An IMOI model for knowledge sharing and VTs

Organizational designs are more complex today than they were in the past (Mathieu, Maynard, Rapp, & Gilson, 2008). To visualize this versatility, we employ systems thinking analysis in a way to understand what VTs require to accomplish knowledge-sharing goals. Figure 2 presents the IMOI model development suggested by Ilgen, Hollenbeck, Johnson, and Jundt (2005), where (a) knowledge sharing is apprehended as a process that depends on organizational, team, and individual factors and (b) the nesting arrangement is on the input level, suggesting the impact of complex and nonstatic relations on the performance of teams, as described by Mathieu et al. (2008). Thus, while the input-process-output (IPO) model has often been used to analyze team performance, the IMOI model accounts for the complexity and nonlinear or conditional interactions of cornerstone factors (Ilgen et al., 2005), which is more relevant to the modern challenges in the knowledge management field. Next, we briefly describe these components and present a summarized review, structured for ease of reading and practical convenience, of the articles employed in the development of the conceptual model.

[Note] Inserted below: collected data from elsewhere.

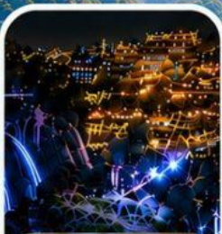
เมืองโบราณฟูหลงเจิน หมู่บ้านโบราณกลางหุบเขา
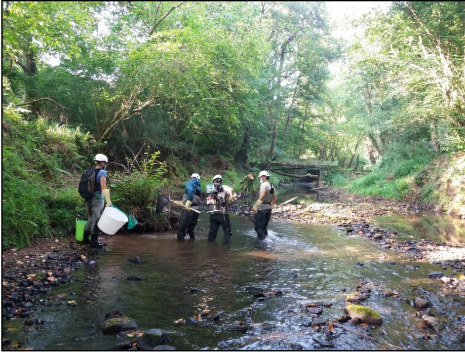
Pesca eléctrica previa a la entrada de la maquinaria
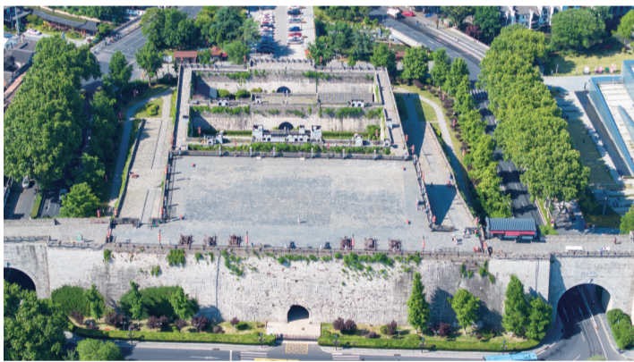
南京城墙申遗基础性工作已基本就绪
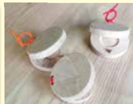
カスタネット クリ
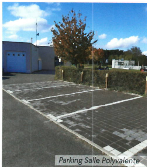
Parking Salle Polyvalente

En 2024, la commune de Dadonville a investi environ 280 000 €.
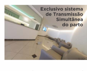
Exclusivo sistema de Transmissão Simultânea do parto

Figure 2 Input-mediator-outcome-input model of knowledge sharing in virtual teams. (Authors’ elaboration based on the literature reviewed) 

Inputs

As previously mentioned, Figure 2 identifies the factors facilitating VT knowledge sharing in the IMOI model. The first categories, inputs, are the enablers or constraint components in the interaction of team members (Mathieu et al., 2008) and individual members embedded in a large system such as the organization (Curşeau, 2006). The fact that “collaboration and distributed learning technologies allow individuals within the organization to collaborate, eliminating the structural and geographical impediments that may have prevented such interaction” (Gold et al., 2001, p. 188) demands a better management understanding of these critical components. At a glance, the first classification is the organizational factors, which include the infrastructure of the conditions for the initial stage in the knowledge-sharing empowerment in VTs. For example, managerial actions that are intended to reinforce existing knowledge-sharing nodes have a positive impact regardless of the period (Kauppila et al., 2011). The adequacy of human resource practices, such as compensation and incentives, contributes to the leverage of resources and advances the success of the employed knowledge-sharing strategies. Furthermore, trust is a highly related factor at all input levels, implying the importance of delineating plans for its allowance; additionally, a culture for accelerating knowledge-sharing activities and information technology structures are essential for knowledge-sharing processes.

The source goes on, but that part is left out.